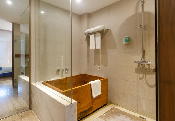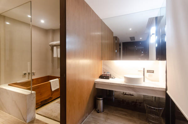走进客房,日式简约的装修风格让初次到访的客人都觉得倍感亲切。每一个房间都配备了一个超大的露天阳台,站在阳台上便能看到俊秀的山峰、秀美的河流。这家酒店最大的特色便是温泉,依河而建38个特色各异的温泉池,多样选择,山语鸟鸣中,体验生命与自然相融的和谐境界。
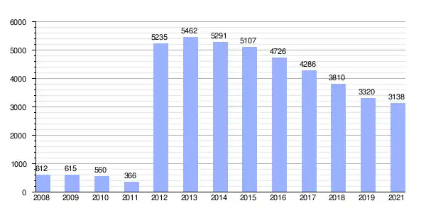 | Gráfica de evolución demográfica de Aroche[15] entre 1842 y 2021 |
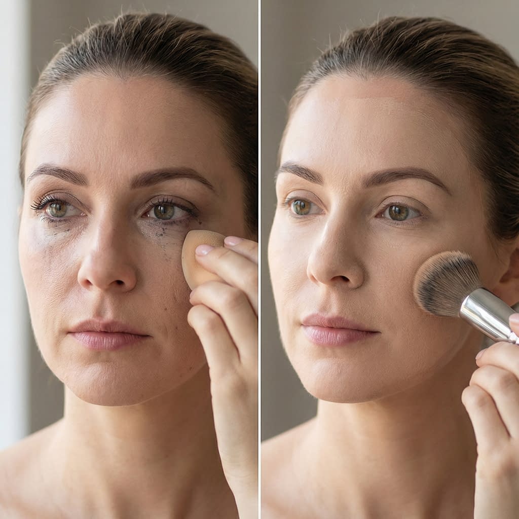 - If under-eye concealer is creased or patchy: lightly pat a little lightweight concealer only into the crease and set; avoid heavy layers that settle into lines.
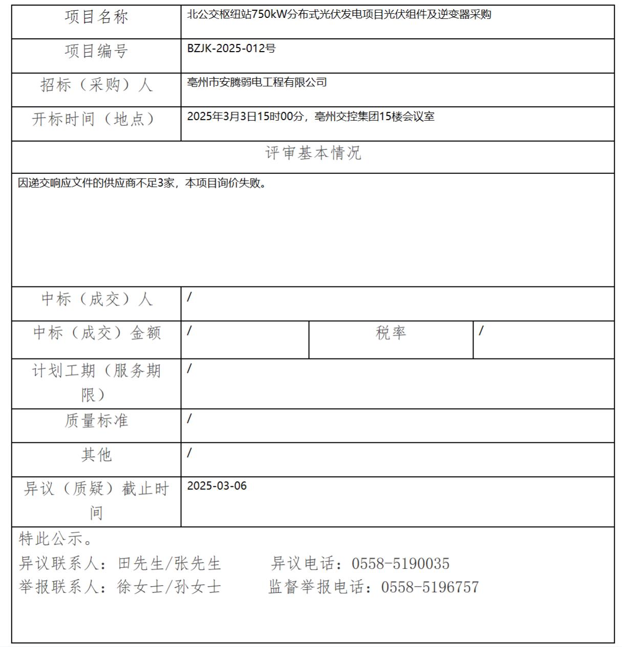 北公交樞紐站750kW分布式光伏發(fā)電項目光伏組件及逆變器采購中標(成交)結(jié)果公示
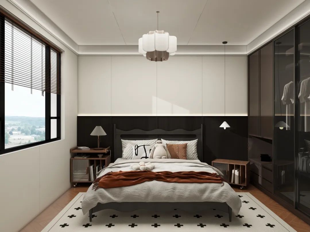 采用(yòng)頂面無膠大(dà)闆-寶玑白(bái),牆面原香木(mù)-真石漆(米色)+原香木(mù)-煙(yān)熏橡 木(mù),鋁木(mù)複合衣櫃,搭配北(běi)歐床頭櫃,地(dì)毯,吊燈并輔以燈帶線條,給人(r£én)一(yī)種高(gāo)級的(de)複古美(měi)感。

========

▸ Your task: The preceding listing must be repeated exactly, with all images dropped.

▸ Response area:
走进客房,日式简约的装修风格让初次到访的客人都觉得倍感亲切。每一个房间都配备了一个超大的露天阳台,站在阳台上便能看到俊秀的山峰、秀美的河流。这家酒店最大的特色便是温泉,依河而建38个特色各异的温泉池,多样选择,山语鸟鸣中,体验生命与自然相融的和谐境界。
 | Gráfica de evolución demográfica de Aroche[15] entre 1842 y 2021 |
 - If under-eye concealer is creased or patchy: lightly pat a little lightweight concealer only into the crease and set; avoid heavy layers that settle into lines.
 北公交樞紐站750kW分布式光伏發(fā)電項目光伏組件及逆變器采購中標(成交)結(jié)果公示
 采用(yòng)頂面無膠大(dà)闆-寶玑白(bái),牆面原香木(mù)-真石漆(米色)+原香木(mù)-煙(yān)熏橡 木(mù),鋁木(mù)複合衣櫃,搭配北(běi)歐床頭櫃,地(dì)毯,吊燈并輔以燈帶線條,給人(r£én)一(yī)種高(gāo)級的(de)複古美(měi)感。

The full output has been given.